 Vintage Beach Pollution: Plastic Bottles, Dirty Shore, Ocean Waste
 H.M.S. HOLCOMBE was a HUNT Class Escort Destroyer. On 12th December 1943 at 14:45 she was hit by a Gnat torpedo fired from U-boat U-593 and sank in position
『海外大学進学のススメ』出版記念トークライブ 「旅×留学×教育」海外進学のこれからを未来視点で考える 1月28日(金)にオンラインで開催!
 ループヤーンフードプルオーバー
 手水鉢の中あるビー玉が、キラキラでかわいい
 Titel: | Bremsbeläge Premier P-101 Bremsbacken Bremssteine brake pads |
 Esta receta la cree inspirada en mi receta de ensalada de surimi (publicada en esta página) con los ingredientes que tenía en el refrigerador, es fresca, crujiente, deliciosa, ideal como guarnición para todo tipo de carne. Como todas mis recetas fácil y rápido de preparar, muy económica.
____________
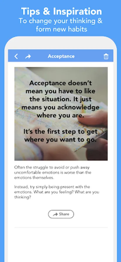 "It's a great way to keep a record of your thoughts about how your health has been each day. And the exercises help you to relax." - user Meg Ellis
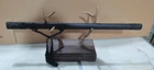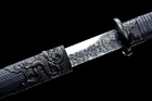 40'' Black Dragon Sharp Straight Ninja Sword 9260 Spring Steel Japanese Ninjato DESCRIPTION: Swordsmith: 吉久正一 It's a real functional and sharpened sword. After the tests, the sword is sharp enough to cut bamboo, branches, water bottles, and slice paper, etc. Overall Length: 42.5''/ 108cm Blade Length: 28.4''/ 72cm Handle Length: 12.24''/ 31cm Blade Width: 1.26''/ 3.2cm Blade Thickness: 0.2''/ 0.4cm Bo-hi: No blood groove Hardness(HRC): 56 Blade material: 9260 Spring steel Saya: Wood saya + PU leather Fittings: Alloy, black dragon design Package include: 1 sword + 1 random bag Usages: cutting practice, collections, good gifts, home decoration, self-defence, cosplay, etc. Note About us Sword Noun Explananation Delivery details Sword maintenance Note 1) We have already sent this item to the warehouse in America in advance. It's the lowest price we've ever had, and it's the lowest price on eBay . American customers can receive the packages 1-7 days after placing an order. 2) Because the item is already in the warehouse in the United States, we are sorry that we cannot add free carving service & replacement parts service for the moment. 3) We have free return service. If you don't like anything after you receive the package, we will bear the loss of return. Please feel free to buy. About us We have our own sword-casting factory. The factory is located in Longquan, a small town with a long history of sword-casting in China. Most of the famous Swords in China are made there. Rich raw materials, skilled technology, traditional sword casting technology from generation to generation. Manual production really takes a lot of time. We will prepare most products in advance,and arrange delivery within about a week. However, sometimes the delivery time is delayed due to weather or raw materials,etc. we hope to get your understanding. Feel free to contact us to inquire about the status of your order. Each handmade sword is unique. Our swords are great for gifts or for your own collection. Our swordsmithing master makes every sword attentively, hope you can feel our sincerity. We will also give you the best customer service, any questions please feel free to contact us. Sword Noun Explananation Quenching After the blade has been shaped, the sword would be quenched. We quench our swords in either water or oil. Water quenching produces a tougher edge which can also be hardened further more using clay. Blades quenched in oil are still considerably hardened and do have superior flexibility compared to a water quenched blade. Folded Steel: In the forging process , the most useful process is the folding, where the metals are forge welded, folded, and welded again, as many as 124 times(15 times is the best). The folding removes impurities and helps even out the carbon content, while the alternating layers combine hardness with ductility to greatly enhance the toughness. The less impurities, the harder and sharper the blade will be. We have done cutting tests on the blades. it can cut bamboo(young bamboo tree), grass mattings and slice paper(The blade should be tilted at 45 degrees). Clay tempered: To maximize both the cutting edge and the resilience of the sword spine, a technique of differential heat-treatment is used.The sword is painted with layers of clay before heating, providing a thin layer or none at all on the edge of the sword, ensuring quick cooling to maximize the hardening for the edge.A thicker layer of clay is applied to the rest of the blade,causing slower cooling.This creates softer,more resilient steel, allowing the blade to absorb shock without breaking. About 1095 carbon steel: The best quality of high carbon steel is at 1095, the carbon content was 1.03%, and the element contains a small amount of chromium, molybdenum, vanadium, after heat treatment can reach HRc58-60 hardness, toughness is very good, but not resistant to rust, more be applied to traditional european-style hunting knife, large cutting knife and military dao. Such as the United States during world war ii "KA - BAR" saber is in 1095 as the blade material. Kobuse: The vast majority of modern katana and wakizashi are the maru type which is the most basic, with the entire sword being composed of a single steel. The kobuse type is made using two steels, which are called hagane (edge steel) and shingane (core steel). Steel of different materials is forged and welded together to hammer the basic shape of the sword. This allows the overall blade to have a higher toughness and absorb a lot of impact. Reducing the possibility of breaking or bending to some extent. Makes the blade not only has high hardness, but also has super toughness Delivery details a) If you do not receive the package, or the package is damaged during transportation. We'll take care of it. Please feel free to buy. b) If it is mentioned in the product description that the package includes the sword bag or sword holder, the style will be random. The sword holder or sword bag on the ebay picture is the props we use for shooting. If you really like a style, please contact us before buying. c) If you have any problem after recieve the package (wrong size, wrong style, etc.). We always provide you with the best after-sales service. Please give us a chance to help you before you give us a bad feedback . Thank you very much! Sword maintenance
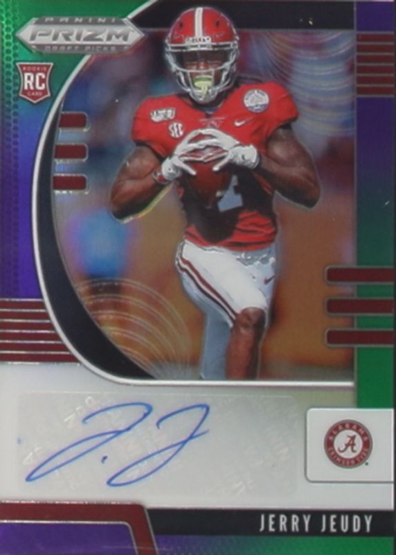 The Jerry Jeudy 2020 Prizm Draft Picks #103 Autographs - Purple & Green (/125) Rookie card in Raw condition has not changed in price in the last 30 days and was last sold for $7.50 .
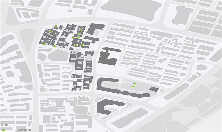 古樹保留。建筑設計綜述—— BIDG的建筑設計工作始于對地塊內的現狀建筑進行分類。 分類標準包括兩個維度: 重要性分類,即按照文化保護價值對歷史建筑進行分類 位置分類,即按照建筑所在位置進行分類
____________
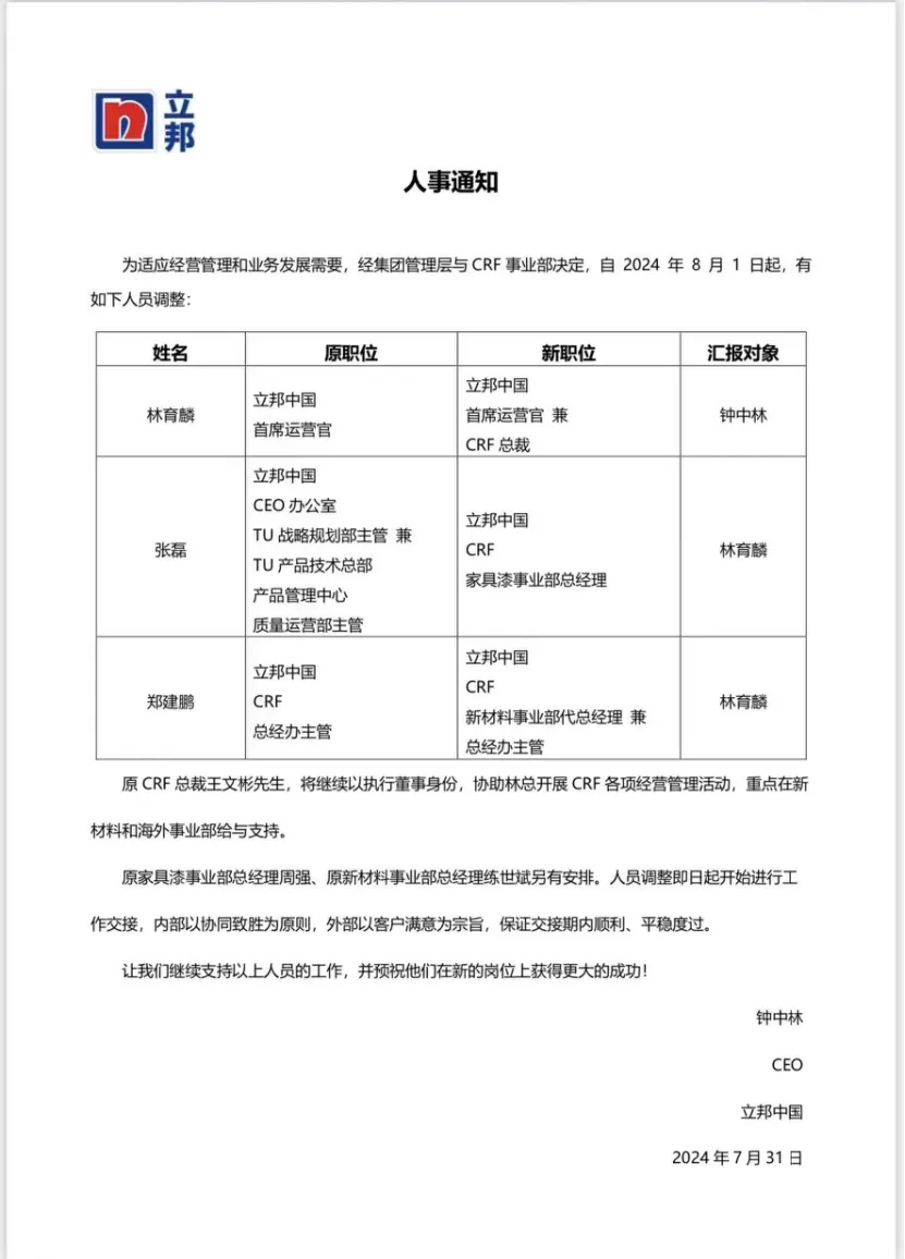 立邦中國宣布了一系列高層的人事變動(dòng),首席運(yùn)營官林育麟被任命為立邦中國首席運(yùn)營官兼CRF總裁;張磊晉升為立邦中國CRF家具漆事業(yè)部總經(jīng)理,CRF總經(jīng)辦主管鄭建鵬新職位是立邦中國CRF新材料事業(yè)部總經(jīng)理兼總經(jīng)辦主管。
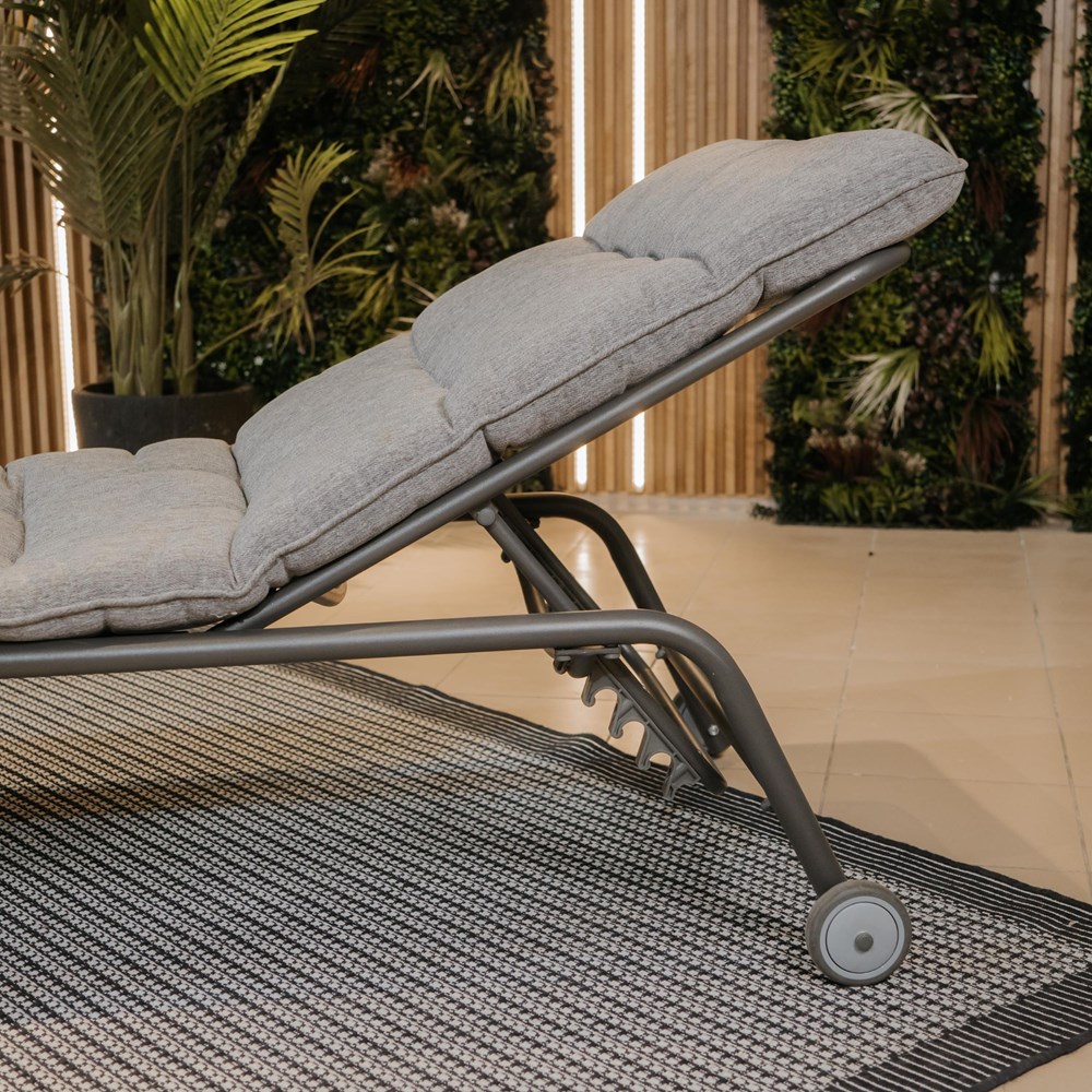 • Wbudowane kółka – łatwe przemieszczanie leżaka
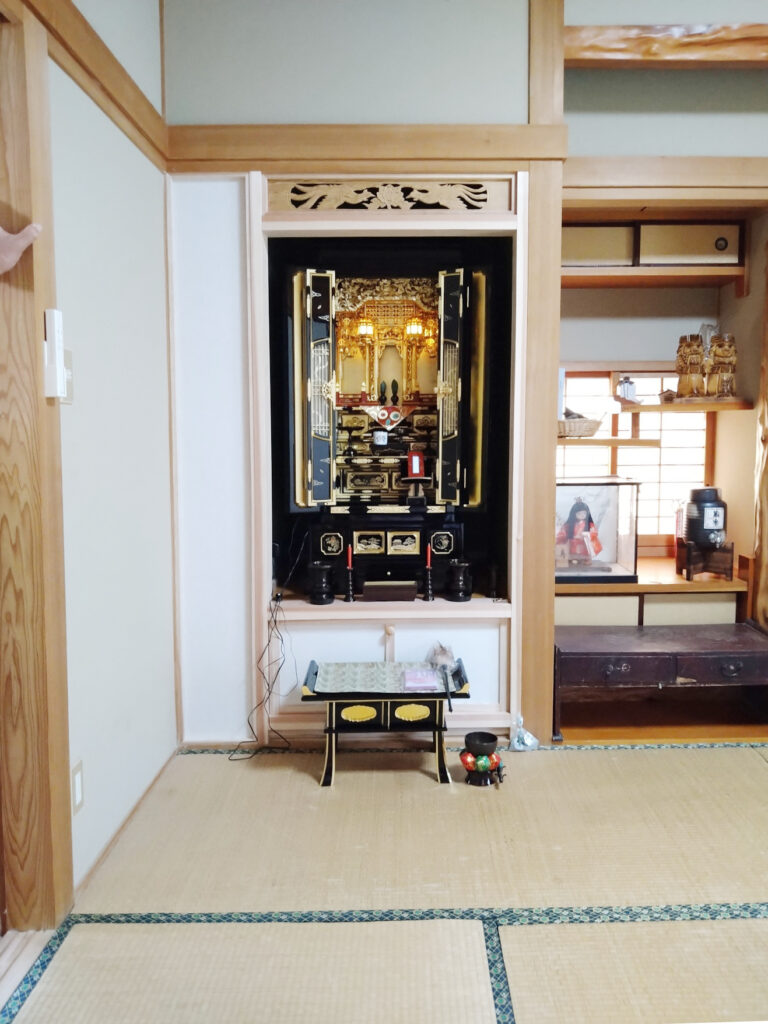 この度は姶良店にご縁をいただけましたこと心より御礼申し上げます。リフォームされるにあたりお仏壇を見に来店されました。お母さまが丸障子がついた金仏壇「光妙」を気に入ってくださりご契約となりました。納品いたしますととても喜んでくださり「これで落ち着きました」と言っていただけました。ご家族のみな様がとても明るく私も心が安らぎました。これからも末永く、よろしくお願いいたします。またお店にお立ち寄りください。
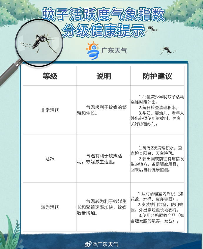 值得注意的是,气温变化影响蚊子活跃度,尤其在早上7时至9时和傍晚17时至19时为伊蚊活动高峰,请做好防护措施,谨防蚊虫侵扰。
____________
* TASK TO CARRY OUT *
Among the entries above, find the line with "The Jerry Jeudy" and repeat exactly from there through the line with "分類標準包括兩個維度: 重要性分類,即按照文化保護價值對歷史建筑進行分類 位置分類,即按照建筑所在位置進行分類", leaving out the pictures.

* WRITTEN ANSWER *
 The Jerry Jeudy 2020 Prizm Draft Picks #103 Autographs - Purple & Green (/125) Rookie card in Raw condition has not changed in price in the last 30 days and was last sold for $7.50 .
 古樹保留。建筑設計綜述—— BIDG的建筑設計工作始于對地塊內的現狀建筑進行分類。 分類標準包括兩個維度: 重要性分類,即按照文化保護價值對歷史建筑進行分類 位置分類,即按照建筑所在位置進行分類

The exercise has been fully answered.